WHAT TO WORK ON:
Please restate the entries verbatim. The copy should hold no pictures.

DATA EXTRACT:
/---

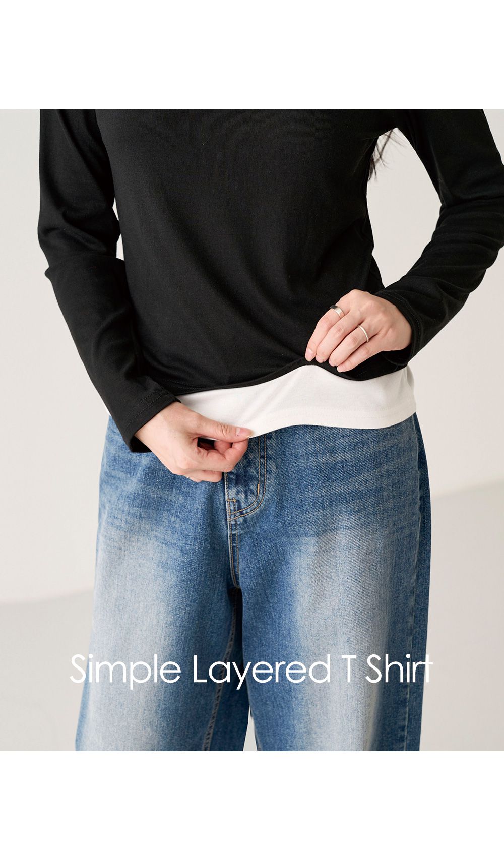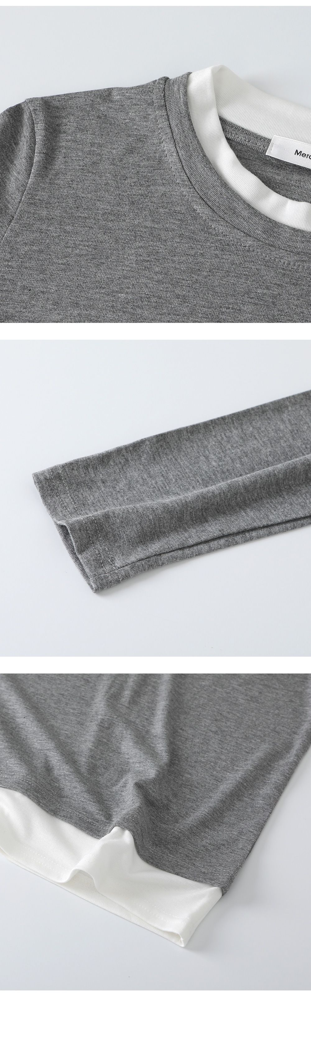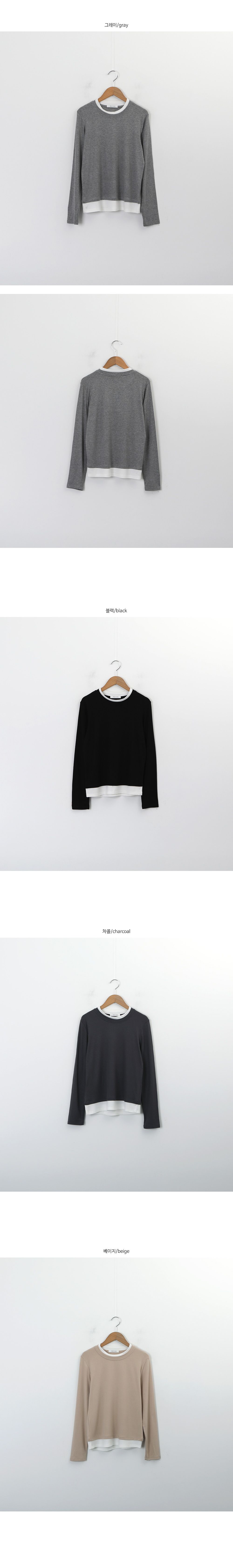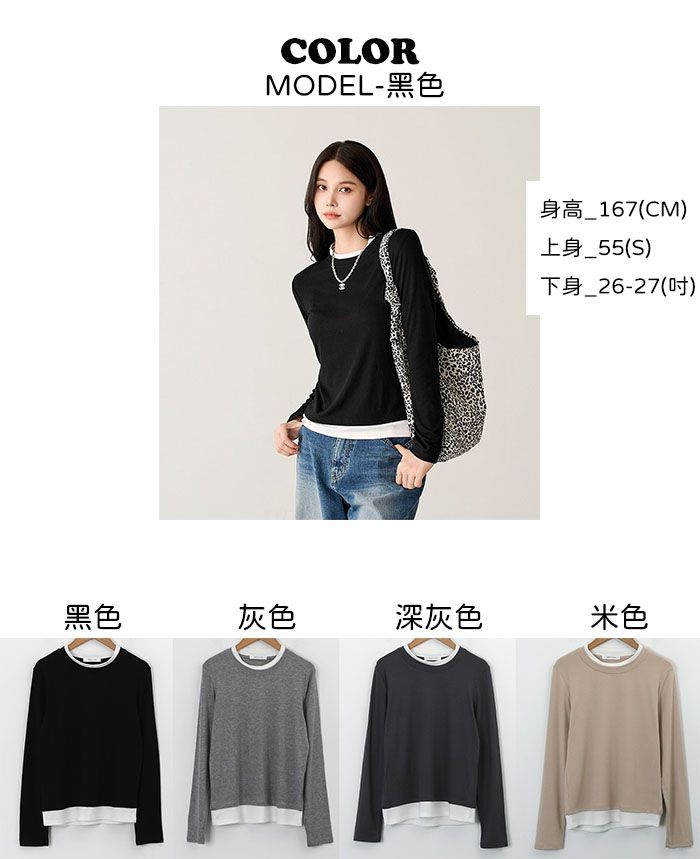 【C55659】韓國PPI 小立領素面T恤-假兩件拼接滾邊圓領輕薄長袖上衣★★
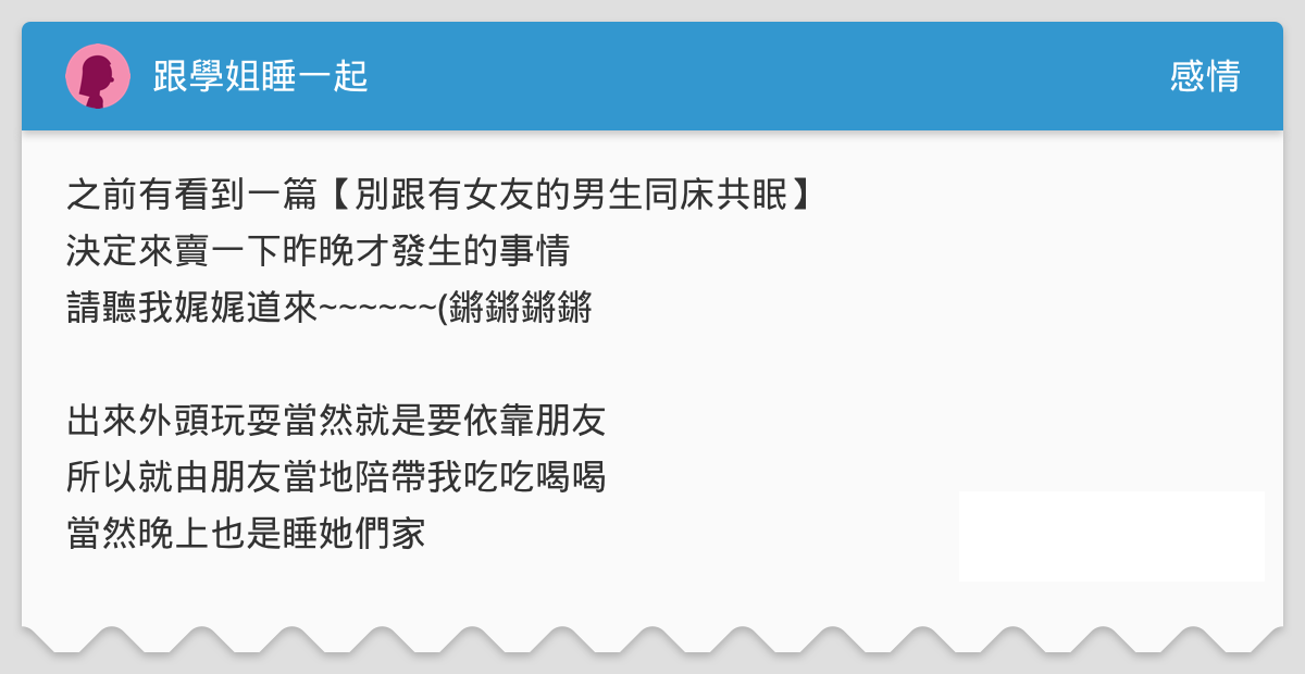 一名網友在臉書粉絲團發文,分享自己錯失一段「良機」的故事,「學姐家是開民宿的,在我老家那也有他們家的
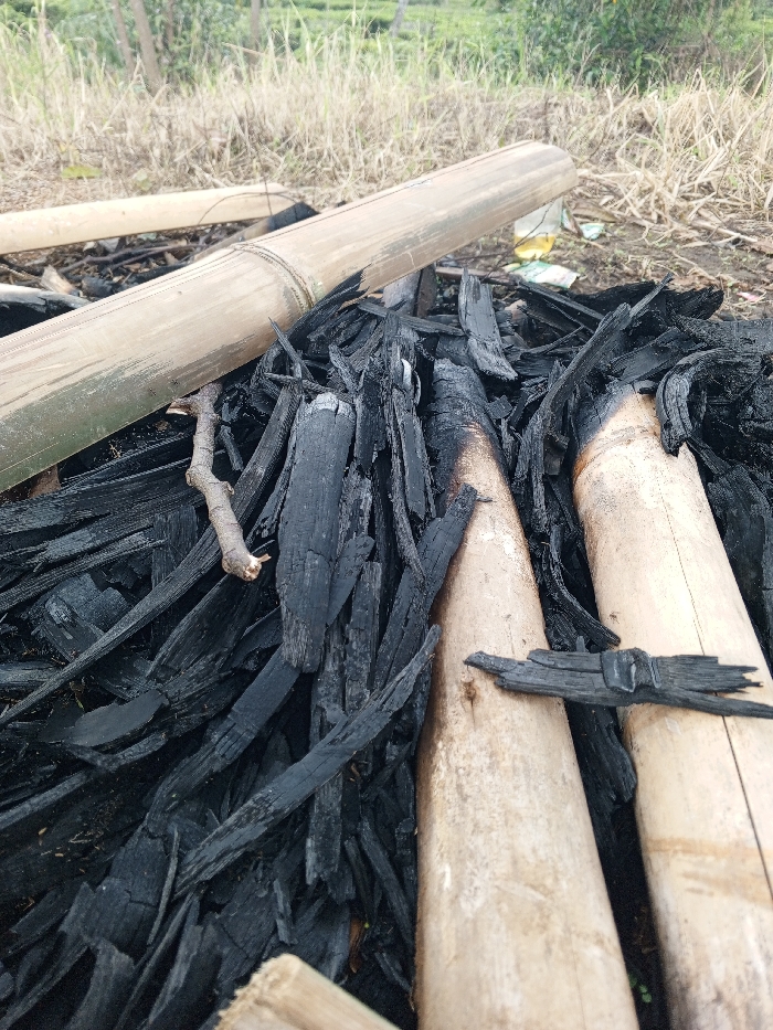 The image displays an outdoor scene in Ciherang, Indonesia, featuring a pile of charcoal and bamboo
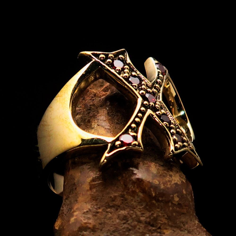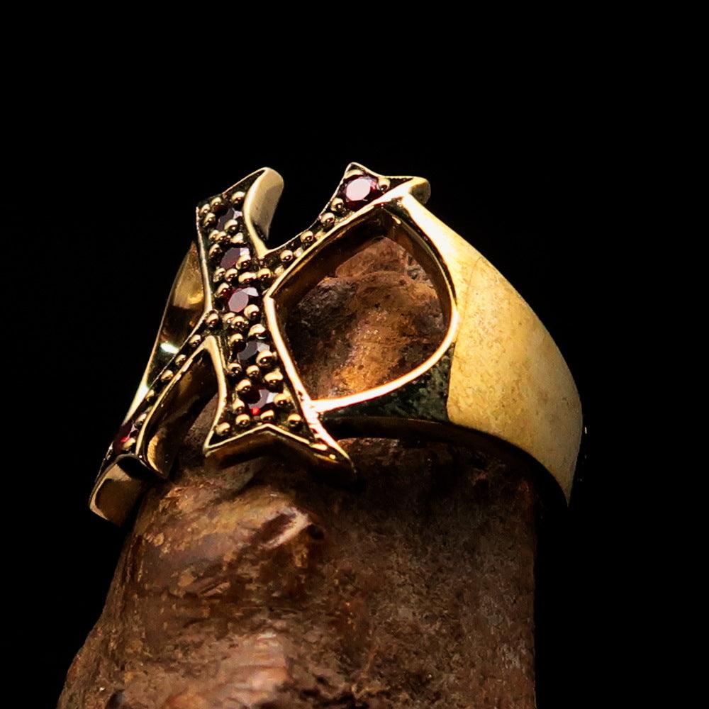 Introducing the Excellent crafted Initial Ring Bold Letter X, a remarkable piece that combines elegance and individuality. This ring is not just an accessory; it’s a statement of style and personality. Made from high-quality solid brass, this ring is designed to last while providing a luxurious feel. The standout feature of this ring is the seven dazzling red Cubic Zirconias that are meticulously set to enhance its bold letter design.
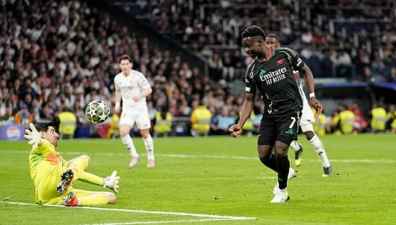 Με τη συμπλήρωση 65 λεπτών αγώνα στο «Σαντιάγκο Μπερναμπέου» η Άρσεναλ κατάφερε να ανοίξει το σκορ, όταν ο Μερίνο έβγαλε μαγική κάθετη πάσα στον Σακά, με τον Άγγλο να τσιμπάει τη μπάλα προ του εξερχόμενου Κουρτουά γράφοντας το 0-1.
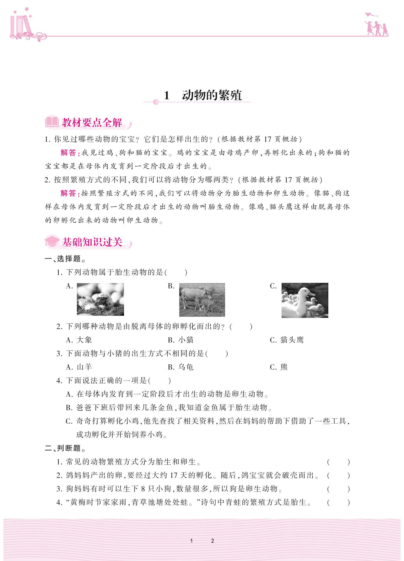 2020上册三年级科学大象版 第二单元 动物的特征——1 动物的繁殖
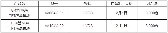 本公司為滿足上述需求,本次特發(fā)售帶有LVDS接口,具有高亮度、高對(duì)比度、寬視角等特點(diǎn)的8.4型、10.4型VGA液晶模塊。
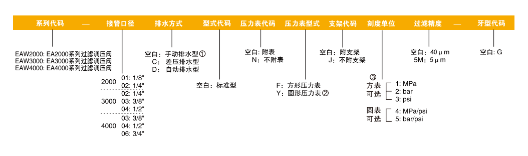 訂貨舉例:EA3000系列過濾調壓閥,接管口徑1/2",差壓排水型,附表,方形壓力表,附支架,刻度單位為MPa,過濾精度為5um,G牙,其ERP編為:EAW3000-04CF15M
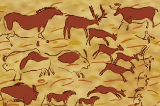 在第一组刻画中,反映了老虎、野猪和鹿构成的食物链关系。在第二组刻画中,表现了野狸吃鸡、鸡吃蜥蜴、蜥蜴吃小虫的关系。
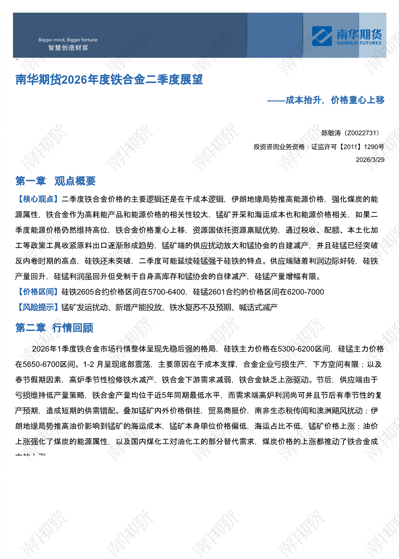南华期货-2026年度铁合金二季度展望:成本抬升,价格重心上移-260329
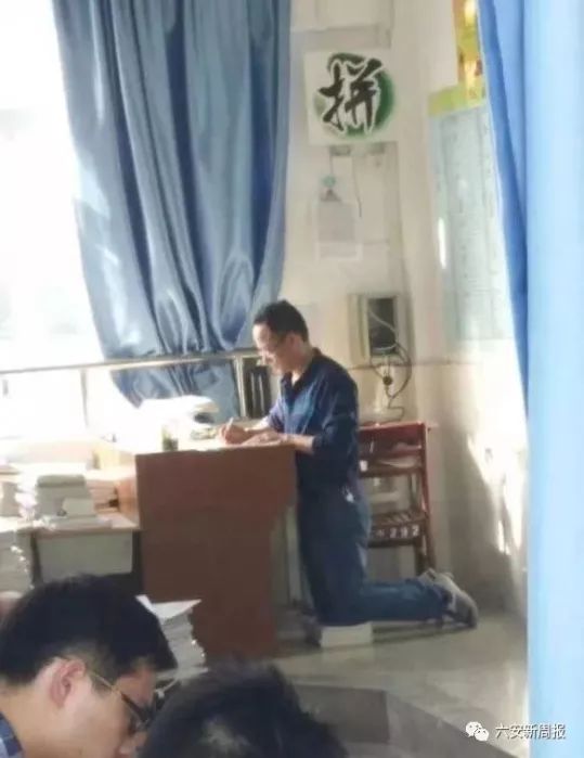 近日,這樣一張照片刷爆朋友圈:一位教師跪在墊子上批改試卷,腰板挺直,神情專注。

\---

ANSWER FOR THE TASK:
 【C55659】韓國PPI 小立領素面T恤-假兩件拼接滾邊圓領輕薄長袖上衣★★
 一名網友在臉書粉絲團發文,分享自己錯失一段「良機」的故事,「學姐家是開民宿的,在我老家那也有他們家的
 The image displays an outdoor scene in Ciherang, Indonesia, featuring a pile of charcoal and bamboo
 Introducing the Excellent crafted Initial Ring Bold Letter X, a remarkable piece that combines elegance and individuality. This ring is not just an accessory; it’s a statement of style and personality. Made from high-quality solid brass, this ring is designed to last while providing a luxurious feel. The standout feature of this ring is the seven dazzling red Cubic Zirconias that are meticulously set to enhance its bold letter design.
 Με τη συμπλήρωση 65 λεπτών αγώνα στο «Σαντιάγκο Μπερναμπέου» η Άρσεναλ κατάφερε να ανοίξει το σκορ, όταν ο Μερίνο έβγαλε μαγική κάθετη πάσα στον Σακά, με τον Άγγλο να τσιμπάει τη μπάλα προ του εξερχόμενου Κουρτουά γράφοντας το 0-1.
 2020上册三年级科学大象版 第二单元 动物的特征——1 动物的繁殖
 本公司為滿足上述需求,本次特發(fā)售帶有LVDS接口,具有高亮度、高對(duì)比度、寬視角等特點(diǎn)的8.4型、10.4型VGA液晶模塊。
 訂貨舉例:EA3000系列過濾調壓閥,接管口徑1/2",差壓排水型,附表,方形壓力表,附支架,刻度單位為MPa,過濾精度為5um,G牙,其ERP編為:EAW3000-04CF15M
 在第一组刻画中,反映了老虎、野猪和鹿构成的食物链关系。在第二组刻画中,表现了野狸吃鸡、鸡吃蜥蜴、蜥蜴吃小虫的关系。
南华期货-2026年度铁合金二季度展望:成本抬升,价格重心上移-260329
 近日,這樣一張照片刷爆朋友圈:一位教師跪在墊子上批改試卷,腰板挺直,神情專注。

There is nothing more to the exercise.